Another VF-20 1 cent 1859 Brass, certified by PCGS sold in 2018 by the same firm for $29,500.
#7 - $26,775 - 5 cents 1921 - PCGS SP-63
In 1921, a legislation was passed to remove silver 5-cent coins and replace them with 21 mm (instead 15.5 mm) 100% nickel ones. At that time, the Mint melted more than 3 million of silver five cents coins which most of them were from 1921. Only 400 silver 5-cents coins are believed to have survived and PCGS has graded only 4 specimen examples with 8 to 10 known.
Previous sales of this exact coin:
- $22,000 - January 2020
- $25,900 - August 2017
#8 - $26,700 - 25 cents 1969 Struck on Gold - NGC MS-65
This rare 25 cents 1969 mint error was struck over a German States, Prussia gold 20 Marks dated 1906-A. Heritage Auctions described it as:
Much of the detail of the original piece remains, and the coin itself has survived in fully gem condition, its flashy pale-gold surfaces shining with gentle wateriness. Comparable to an example of the same date, this struck over a Great Britain gold Sovereign dated 1967, that we offered in 2014 and which sold for $18,000 USD hammer. Possibly unique with the present undertype, and a trophy piece for the collector of Canadian mint errors.
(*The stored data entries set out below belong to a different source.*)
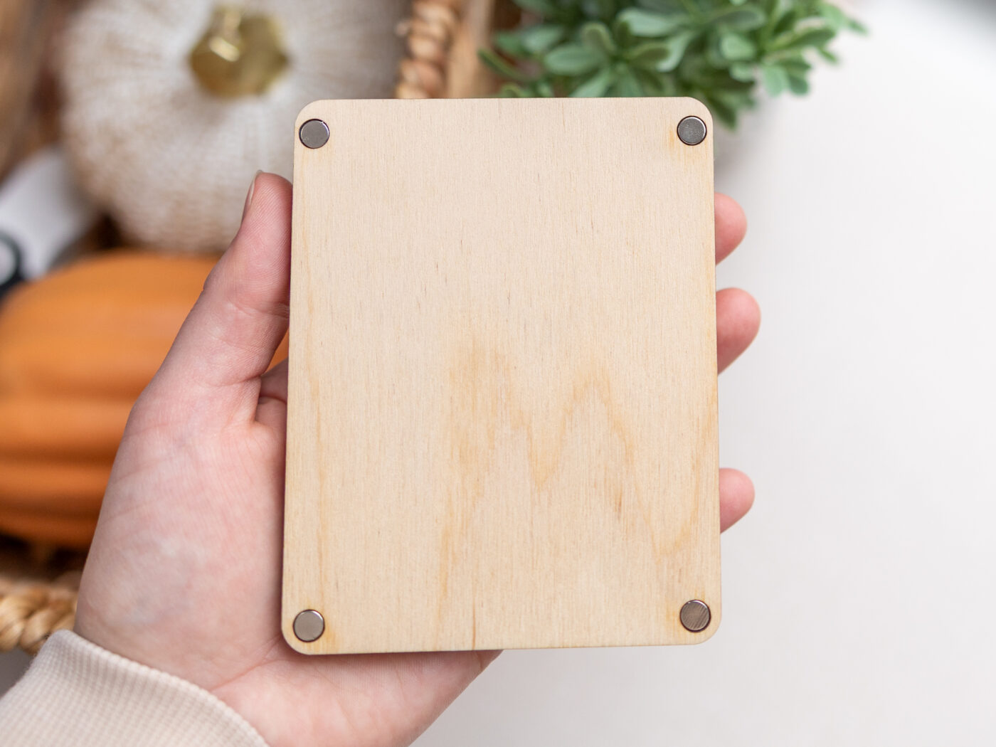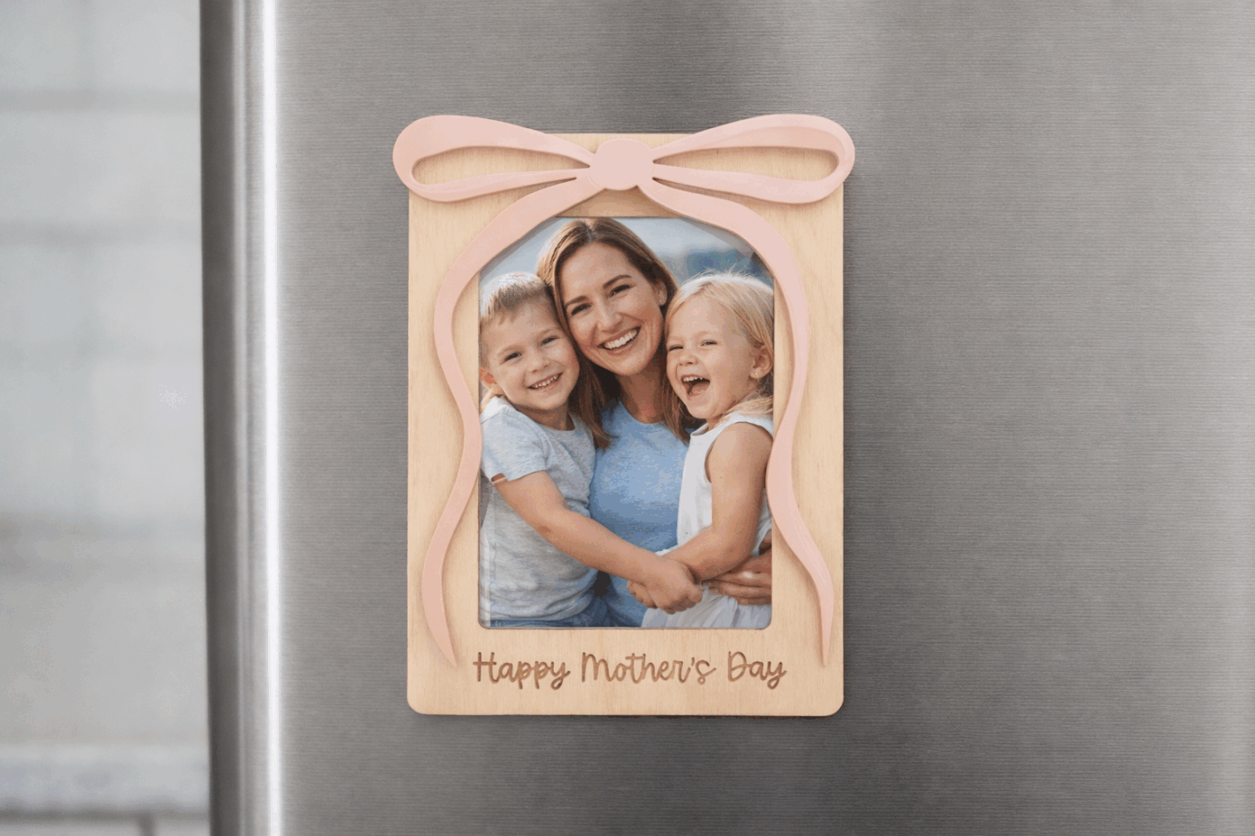 Celebrate the special mom in your life with this adorable wooden magnetic photo frame. Comes with strong magnets on the back for displaying on the fridge! These Mother’s Day frames fit a 2.5 x 3.5″ wallet-sized photo perfectly. Just slide the photo between the layers and it’s ready to gift!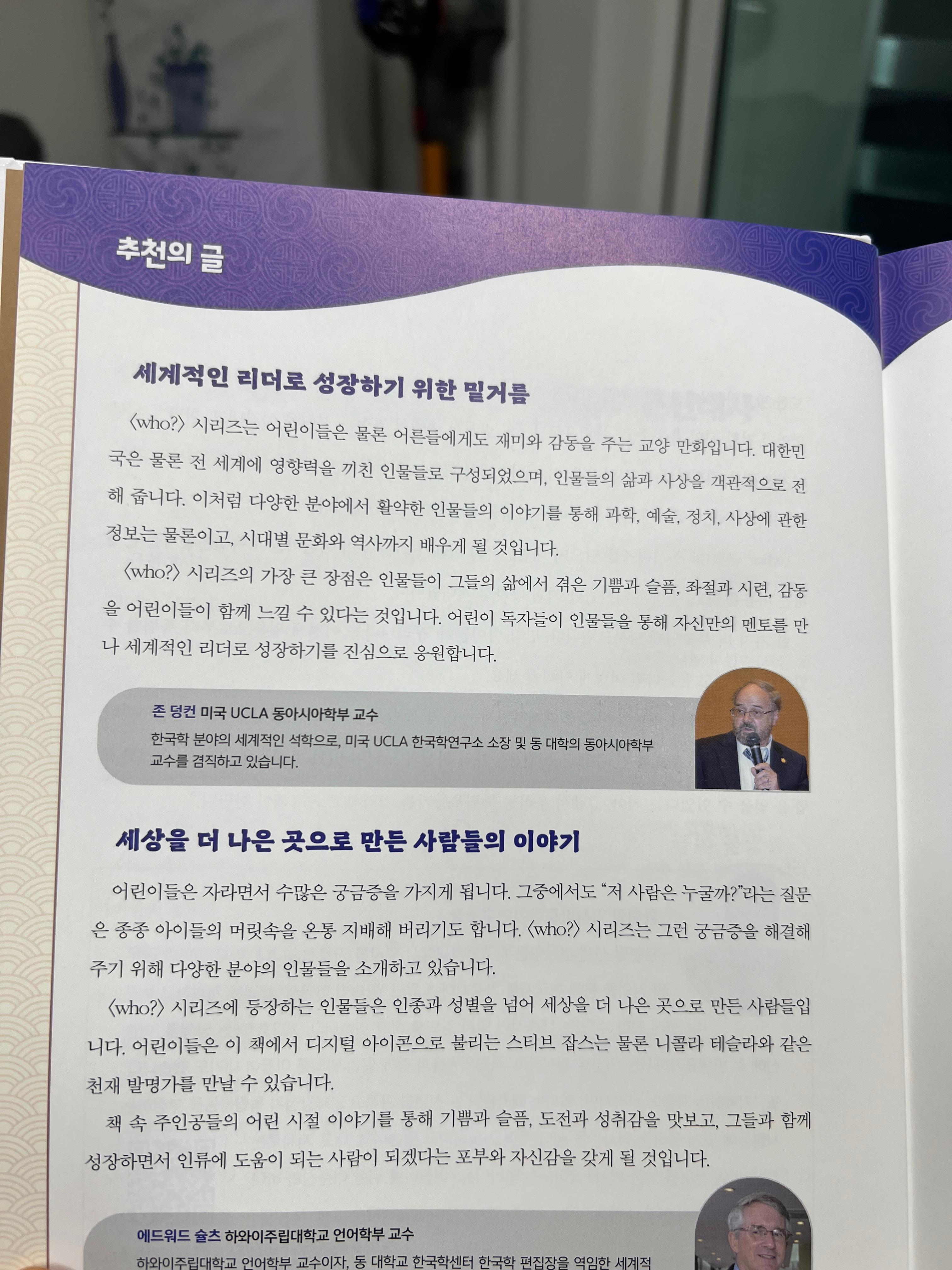 존 덩컨: 후 시리즈의 가장 큰 장점은 인물들이 그들의 삶에서 겪은 기쁨과 슬픔, 좌절과 시련, 감동을 어린이들이 함께 느낄 수 있다는 것입니다. 어린이 독자들이 인물들을 통해 자신만의 멘토를 만나 세계적인 리더로 성장하기를 진심으로 응원합니다.
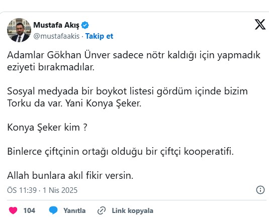 “Adamlar Gökhan Ünver sadece nötr kaldığı için yapmadık eziyeti bırakmadılar. Sosyal medyada bir boykot listesi gördüm içinde bizim Torku da var. Yani Konya Şeker. Konya Şeker kim? Binlerce çiftçinin ortağı olduğu bir çiftçi kooperatifi. Allah bunlara akıl fikir versin.”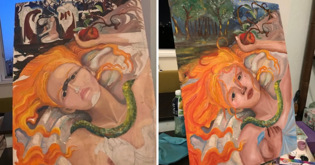 Девушка принесла с помойки картину и решила её чуточку продолжить
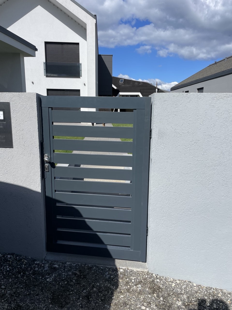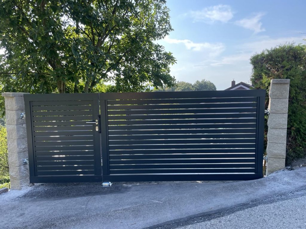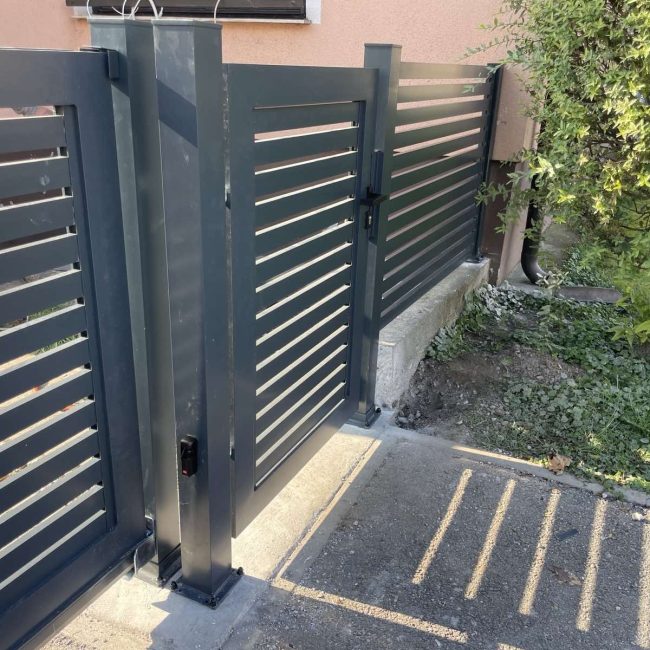 Naša ponudba dvoriščnih vrat je zasnovana, da dopolni in izboljša videz vašega zunanjega prostora, hkrati pa zagotavlja varnost in zaščito. Dvoriščna vrata so izdelana v istem profilu kot naše aluminijaste ograje, kar omogoča enotno in skladno oblikovanje vašega okolja.
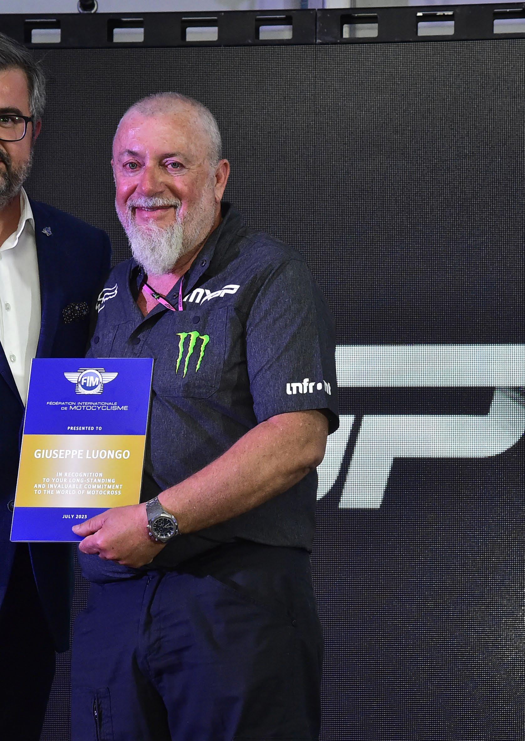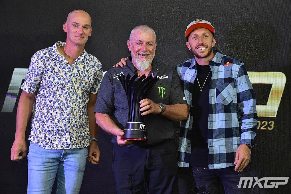 3 Legends Stefan Everts and Antonio Cairoli gifted Giuseppe Luongo a replica of the MXGP trophy for the 40th Anniversary celebration.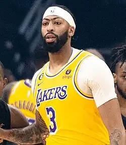 The Lakers won the 2020 NBA Finals in Davis's first year with the team, and as the main co-star alongside LeBron James, Davis was integral to their performance.[43] The Lakers had not achieved much playoff success since their 2020 title other than making the Conference Finals in the 2022–23 season. Davis also helped the Lakers win the inaugural NBA Cup during the 2023–24 season.[44] After joining the Lakers, Davis made the All-NBA First Team in 2020, the All-NBA Second Team in 2024, and the All-Defensive First Team in 2020 and 2024. He was an NBA All-Star in 2020, 2021, 2024, and 2025.[45] However, he was plagued by injuries during the 2020–21, 2021–22, and 2022–23 seasons.[46] In 2023, he signed a three-year, $186 million maximum contract extension that tied him to the Lakers through 2028, which was the largest extension in NBA history at the time by annual dollar value.[47]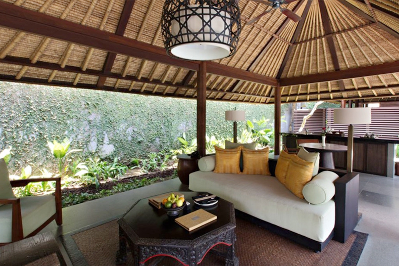 别墅的格局是客厅与卧室分离开来,露天客厅让客人与周边环境完美融合,更一步贴近大自然;在用餐区域享用美味时,甚至可以听到丛林里清脆的蛙鸣,好闻的稻花香将陪伴你度过美妙的用餐时光。在室内,无论是编藤屋顶、木制品还是石雕或者比划,都体现着浓浓的巴厘岛风情。酒店不接受16岁以下的小童;房间不提供加床服务。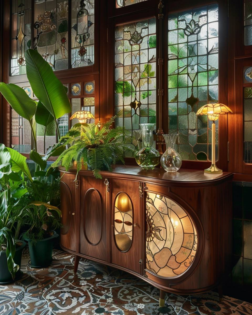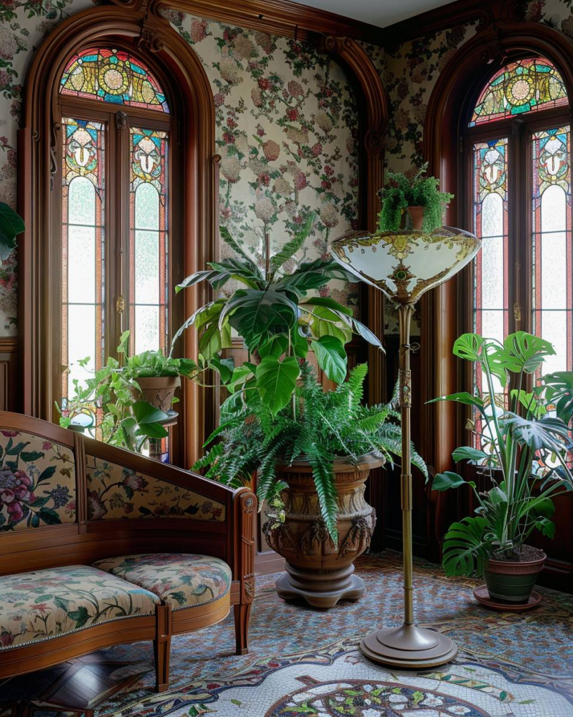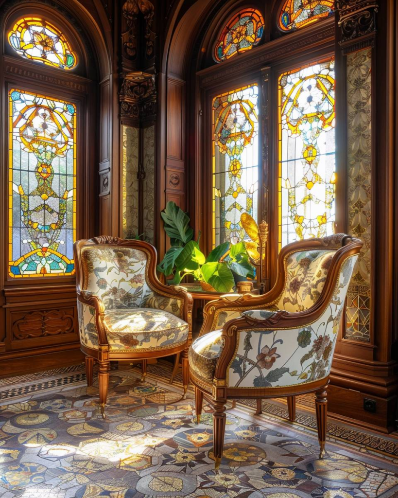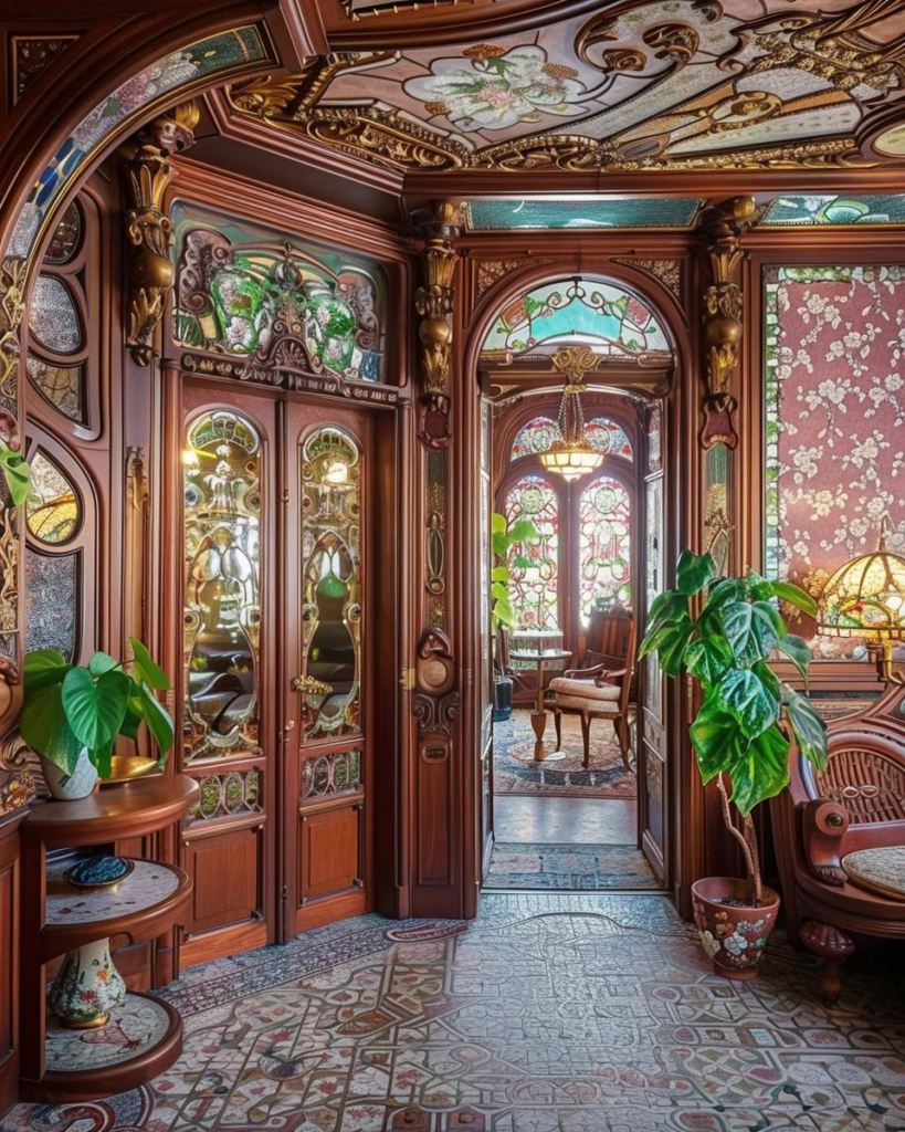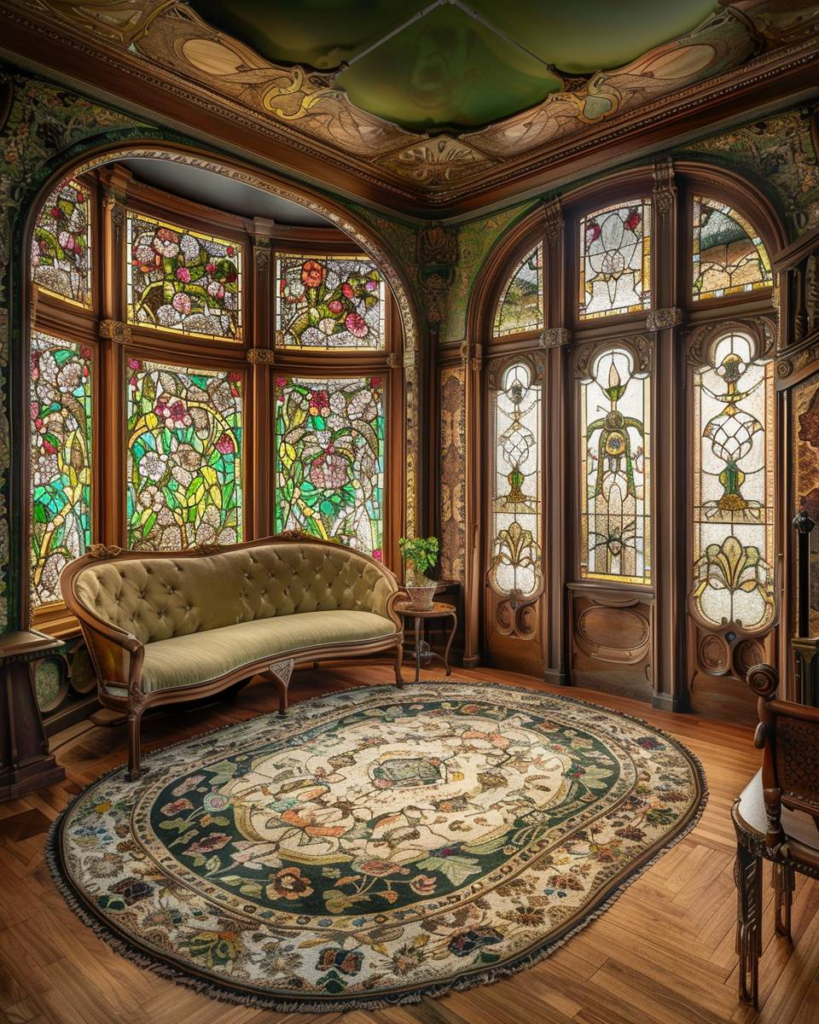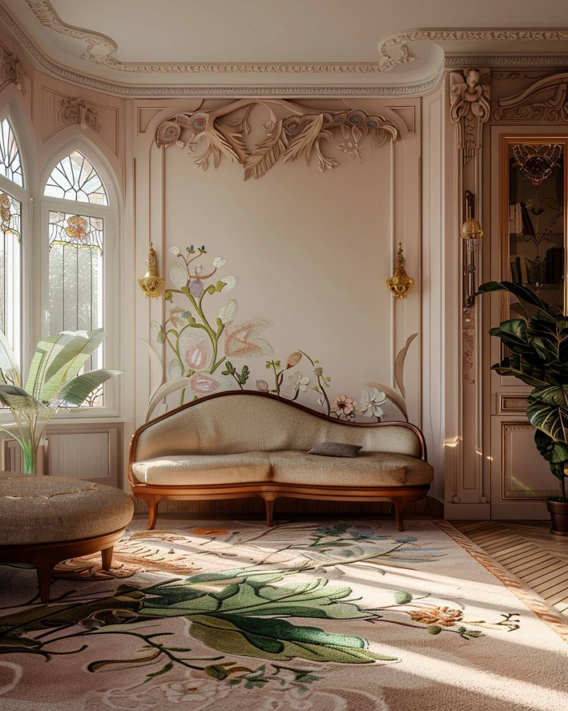 Du integrierst florale Muster in deine Tapeten, wählst Möbel mit geschwungenen Linien und betonst Fenster mit buntem Glas, um echte Art Nouveau-Atmosphäre zu schaffen.

#9 - $25,880 - 10 cents 1889 - PCGS MS-62
#10 - $22,610 - 10 cents 1893 Flat Top - PCGS MS-66+
Only one example grades superior in Gem Mint State-67 at PCGS which sold for around $17,500 in 2010 and $14,000 in 2004.
#11 - $22,500 - 25 cents 1915 - ICCS MS-65
A lot of Mint State high grade ones sold at the Marlborough Collection of George V Quarters sale by Heritage Auctions. This 25 cents 1915 is among four other examples certified to date in total by PCGS and NGC. ICCS does not provide population figures.
#12 - $19,500 - 25 cents 1933 - PCGS MS-67
Solo-finest certified 25 cents 1933, this coin also sold at the Marlborough Collection of George V Quarters sale.
Previous sales of this exact coin:
- $7,600 - September 2019
- $4,600 - January 2003
Pictures by Heritage Auctions, PCGS and The Canadian Numismatic Company.